Purpose : Pathological retinal neovascularization (PNV) occurs in proliferative diabetic retinopathy (PDR) and retinopathy of prematurity (ROP) the leading causes of blindness in working age adults and children respectively. Retinal tissue hypoxia is a key driver of PNV that results in uncontrolled vessel sprouting and the formation of immature and leaky blood vessels. Current treatments for PNV involve the use of agents that neutralize or inhibit vascular endothelial growth factor (VEGF). However, these treatments have adverse effects, so exploring new therapeutic targets is crucial. Here we investigated the role of the enzyme histone deacetylase 3 (HDAC3) in pathological retinal angiogenesis.

Methods : In vivo studies were conducted using C57BL/6J mice pups subjected to oxygen-induced retinopathy (OIR). Retinal tissues were further processed for Western Blotting and immunolabeling. In vitro experiments were conducted using bovine retinal endothelial cells (BRE) subjected to normoxia or oxygen glucose deprivation (OGD) followed by reoxygenation (R). Cells were treated with the HDAC3 inhibitor, RGFP966 (2, 8 μM), or DMSO for control. Endpoints included assays of migration, and tube formation as important steps in new vessel formation. Mitochondria morphology was visualized using MitoTracker dye.

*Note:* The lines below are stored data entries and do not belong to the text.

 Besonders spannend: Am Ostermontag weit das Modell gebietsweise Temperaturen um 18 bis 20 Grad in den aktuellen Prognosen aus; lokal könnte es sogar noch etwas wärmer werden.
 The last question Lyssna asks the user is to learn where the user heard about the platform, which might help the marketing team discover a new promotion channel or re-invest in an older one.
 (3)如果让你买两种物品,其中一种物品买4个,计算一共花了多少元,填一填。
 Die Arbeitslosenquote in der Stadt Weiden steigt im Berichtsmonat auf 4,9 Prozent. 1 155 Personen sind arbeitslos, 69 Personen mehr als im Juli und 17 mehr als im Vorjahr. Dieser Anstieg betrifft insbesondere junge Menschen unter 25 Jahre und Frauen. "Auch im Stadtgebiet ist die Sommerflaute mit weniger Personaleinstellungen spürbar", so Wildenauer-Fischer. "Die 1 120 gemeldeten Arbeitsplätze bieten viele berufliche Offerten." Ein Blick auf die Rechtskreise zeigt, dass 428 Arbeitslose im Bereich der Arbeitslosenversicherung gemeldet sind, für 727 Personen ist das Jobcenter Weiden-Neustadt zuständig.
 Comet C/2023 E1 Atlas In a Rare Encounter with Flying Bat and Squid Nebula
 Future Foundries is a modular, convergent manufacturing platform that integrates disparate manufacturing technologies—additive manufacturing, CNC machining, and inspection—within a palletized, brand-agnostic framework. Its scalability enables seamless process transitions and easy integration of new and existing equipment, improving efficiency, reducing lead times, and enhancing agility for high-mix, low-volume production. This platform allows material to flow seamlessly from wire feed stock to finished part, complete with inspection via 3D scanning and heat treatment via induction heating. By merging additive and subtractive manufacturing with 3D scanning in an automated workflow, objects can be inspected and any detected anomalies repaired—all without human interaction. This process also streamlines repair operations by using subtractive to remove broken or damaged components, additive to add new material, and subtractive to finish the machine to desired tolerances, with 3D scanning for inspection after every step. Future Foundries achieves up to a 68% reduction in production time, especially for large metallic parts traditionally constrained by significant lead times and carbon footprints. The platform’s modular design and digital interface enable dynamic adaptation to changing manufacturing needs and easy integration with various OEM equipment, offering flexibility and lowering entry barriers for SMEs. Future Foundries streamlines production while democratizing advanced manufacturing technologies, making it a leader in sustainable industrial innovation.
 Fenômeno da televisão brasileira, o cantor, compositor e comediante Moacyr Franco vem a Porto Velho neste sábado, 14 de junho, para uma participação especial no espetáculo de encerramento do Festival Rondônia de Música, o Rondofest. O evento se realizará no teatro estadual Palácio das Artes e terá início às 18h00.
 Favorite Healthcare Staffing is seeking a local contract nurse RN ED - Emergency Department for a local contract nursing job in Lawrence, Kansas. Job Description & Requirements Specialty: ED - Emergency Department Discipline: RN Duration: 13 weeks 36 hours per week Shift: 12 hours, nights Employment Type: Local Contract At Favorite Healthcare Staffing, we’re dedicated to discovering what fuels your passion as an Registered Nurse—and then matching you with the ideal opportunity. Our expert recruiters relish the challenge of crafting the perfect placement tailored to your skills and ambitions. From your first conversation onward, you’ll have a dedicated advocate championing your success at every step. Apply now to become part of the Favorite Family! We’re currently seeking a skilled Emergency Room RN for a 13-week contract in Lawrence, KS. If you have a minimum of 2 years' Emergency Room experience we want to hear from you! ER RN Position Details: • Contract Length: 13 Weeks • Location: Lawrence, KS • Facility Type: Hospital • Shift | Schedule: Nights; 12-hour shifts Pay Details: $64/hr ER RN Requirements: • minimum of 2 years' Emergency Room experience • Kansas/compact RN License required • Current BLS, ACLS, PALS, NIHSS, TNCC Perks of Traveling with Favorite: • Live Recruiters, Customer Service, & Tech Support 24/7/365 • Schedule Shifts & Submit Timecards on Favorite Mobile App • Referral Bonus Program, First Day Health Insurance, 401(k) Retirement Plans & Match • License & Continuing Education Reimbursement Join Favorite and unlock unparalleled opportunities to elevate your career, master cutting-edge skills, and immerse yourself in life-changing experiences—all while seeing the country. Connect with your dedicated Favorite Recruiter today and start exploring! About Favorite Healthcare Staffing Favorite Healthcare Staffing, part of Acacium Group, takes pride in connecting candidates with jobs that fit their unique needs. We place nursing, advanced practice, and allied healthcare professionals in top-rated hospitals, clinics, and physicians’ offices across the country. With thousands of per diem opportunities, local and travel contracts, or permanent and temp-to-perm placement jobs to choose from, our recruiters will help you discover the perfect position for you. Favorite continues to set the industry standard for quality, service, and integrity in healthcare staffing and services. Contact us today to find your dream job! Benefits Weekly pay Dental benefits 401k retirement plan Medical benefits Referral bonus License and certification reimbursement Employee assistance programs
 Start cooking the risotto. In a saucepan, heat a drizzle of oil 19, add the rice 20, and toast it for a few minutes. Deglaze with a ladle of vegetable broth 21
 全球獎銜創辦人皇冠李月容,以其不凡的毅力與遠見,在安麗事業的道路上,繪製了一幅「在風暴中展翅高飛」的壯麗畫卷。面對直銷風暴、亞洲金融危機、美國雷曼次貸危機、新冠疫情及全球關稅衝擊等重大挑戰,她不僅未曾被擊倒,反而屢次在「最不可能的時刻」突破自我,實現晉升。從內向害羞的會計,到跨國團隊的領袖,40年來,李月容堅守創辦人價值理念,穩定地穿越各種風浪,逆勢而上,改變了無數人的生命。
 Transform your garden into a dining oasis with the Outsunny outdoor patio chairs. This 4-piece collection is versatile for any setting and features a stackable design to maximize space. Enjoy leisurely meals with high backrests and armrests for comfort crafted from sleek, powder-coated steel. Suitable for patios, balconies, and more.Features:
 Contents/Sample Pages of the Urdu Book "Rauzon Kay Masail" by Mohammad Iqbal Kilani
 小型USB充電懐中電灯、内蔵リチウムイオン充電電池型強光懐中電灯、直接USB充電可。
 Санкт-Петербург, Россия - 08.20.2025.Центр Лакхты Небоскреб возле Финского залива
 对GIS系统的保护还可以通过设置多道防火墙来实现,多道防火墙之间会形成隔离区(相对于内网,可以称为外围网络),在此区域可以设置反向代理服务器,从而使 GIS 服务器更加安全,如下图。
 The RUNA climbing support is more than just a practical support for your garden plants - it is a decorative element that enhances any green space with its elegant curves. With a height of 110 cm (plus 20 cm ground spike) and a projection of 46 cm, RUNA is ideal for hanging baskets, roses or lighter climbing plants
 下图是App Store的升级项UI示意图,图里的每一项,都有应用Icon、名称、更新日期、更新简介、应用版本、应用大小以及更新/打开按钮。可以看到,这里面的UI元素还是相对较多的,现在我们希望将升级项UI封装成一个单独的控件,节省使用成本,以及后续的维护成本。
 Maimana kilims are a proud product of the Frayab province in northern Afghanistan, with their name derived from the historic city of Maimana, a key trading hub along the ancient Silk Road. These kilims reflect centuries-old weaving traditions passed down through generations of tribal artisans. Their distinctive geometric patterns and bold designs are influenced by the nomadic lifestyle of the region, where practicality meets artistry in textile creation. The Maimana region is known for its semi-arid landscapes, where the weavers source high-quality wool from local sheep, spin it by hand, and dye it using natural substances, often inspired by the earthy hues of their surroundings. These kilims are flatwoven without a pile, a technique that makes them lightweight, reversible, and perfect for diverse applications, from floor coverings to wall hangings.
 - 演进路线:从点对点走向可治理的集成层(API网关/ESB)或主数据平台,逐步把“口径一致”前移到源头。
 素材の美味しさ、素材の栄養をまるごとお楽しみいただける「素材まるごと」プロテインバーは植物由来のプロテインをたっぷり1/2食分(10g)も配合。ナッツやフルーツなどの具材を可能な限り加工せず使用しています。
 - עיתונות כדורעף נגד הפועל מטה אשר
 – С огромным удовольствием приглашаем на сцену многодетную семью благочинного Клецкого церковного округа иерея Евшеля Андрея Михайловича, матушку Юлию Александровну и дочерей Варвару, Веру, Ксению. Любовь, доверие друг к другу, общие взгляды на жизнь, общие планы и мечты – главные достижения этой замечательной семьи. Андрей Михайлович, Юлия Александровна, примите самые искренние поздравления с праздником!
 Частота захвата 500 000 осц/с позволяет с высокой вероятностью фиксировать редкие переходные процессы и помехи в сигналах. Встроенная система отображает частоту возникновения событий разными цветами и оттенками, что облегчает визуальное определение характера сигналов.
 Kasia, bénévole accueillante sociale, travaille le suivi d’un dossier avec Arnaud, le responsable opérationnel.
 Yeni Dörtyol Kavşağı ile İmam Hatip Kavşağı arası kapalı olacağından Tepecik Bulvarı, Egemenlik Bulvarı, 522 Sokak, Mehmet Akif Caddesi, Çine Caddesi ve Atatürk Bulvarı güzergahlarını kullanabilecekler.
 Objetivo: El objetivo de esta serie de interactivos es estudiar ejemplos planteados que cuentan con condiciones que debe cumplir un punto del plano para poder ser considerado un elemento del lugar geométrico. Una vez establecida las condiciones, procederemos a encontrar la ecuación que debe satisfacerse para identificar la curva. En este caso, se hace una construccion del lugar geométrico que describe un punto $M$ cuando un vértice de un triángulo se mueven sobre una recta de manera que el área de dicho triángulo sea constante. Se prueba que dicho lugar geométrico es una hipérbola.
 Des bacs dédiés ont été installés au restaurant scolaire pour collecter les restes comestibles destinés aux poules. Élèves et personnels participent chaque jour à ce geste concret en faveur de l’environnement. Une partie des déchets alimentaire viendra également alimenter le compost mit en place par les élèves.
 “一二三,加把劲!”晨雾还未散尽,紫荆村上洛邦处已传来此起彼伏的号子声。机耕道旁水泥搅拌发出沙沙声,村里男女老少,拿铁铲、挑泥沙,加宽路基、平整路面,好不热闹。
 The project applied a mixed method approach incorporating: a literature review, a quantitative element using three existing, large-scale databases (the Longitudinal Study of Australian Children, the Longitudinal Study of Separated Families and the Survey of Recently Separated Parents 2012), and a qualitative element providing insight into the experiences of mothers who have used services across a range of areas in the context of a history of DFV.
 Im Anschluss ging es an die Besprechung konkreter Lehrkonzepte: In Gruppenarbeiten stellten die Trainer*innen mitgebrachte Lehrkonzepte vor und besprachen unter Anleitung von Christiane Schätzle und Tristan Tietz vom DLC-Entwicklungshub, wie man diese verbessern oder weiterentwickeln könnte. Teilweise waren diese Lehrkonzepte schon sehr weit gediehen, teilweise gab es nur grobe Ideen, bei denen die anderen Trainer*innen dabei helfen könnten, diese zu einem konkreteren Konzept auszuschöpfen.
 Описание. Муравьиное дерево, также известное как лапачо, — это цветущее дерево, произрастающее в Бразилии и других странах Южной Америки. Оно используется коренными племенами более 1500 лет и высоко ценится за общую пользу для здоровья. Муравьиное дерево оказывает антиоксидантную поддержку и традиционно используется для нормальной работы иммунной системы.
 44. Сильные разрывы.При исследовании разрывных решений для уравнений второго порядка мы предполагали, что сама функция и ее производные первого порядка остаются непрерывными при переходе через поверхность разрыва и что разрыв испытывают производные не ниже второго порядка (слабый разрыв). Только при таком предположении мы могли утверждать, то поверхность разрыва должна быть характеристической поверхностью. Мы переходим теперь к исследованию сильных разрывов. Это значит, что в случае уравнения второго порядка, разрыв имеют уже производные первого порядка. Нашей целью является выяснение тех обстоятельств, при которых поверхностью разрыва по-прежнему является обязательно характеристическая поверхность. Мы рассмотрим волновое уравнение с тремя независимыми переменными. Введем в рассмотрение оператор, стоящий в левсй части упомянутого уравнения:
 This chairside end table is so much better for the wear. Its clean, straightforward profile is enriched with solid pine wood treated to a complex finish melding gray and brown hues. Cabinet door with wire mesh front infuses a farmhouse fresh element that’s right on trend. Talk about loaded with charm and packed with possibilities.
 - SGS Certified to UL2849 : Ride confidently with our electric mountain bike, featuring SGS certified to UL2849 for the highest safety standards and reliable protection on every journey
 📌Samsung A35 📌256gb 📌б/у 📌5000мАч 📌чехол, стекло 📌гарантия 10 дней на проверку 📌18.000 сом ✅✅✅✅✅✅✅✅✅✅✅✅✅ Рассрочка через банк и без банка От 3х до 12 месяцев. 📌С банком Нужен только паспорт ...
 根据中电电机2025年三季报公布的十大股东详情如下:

Results : HDAC3 is upregulated in the OIR retina vessels as measured by Western blotting and immunolabeling. In human DR sections, HDAC3 localized in retina surface vessels. In vitro, HDAC3 was upregulated in BRE after OGD/R and showed a complete nuclear translocation. Treatment of BRE with the HDAC3 inhibitor RGFP966 reduced angiogenesis (cell migration and tube formation) under hypoxic conditions, and also reduced the OGD/R-induced mitochondrial fission without affecting cell viability. Furthermore, RGFP966 treatment suppressed the rate-limiting glycolysis enzyme, hexokinase 2 (HK2). Similar to HDAC3 inhibition, treatment with the HK2 inhibitor, lonidamine (50, 100 µM), suppressed BRE angiogenesis and mitofission.

Conclusions : Endothelial HDAC3 mediates pathological retinal angiogenesis under hypoxic conditions possibly via HK2 mediated metabolic reprograming to a glycolytic phenotype and suppression of mitochondrial function. Future experiments will further elucidate the underlying mechanisms.

This abstract was presented at the 2024 ARVO Annual Meeting, held in Seattle, WA, May 5-9, 2024.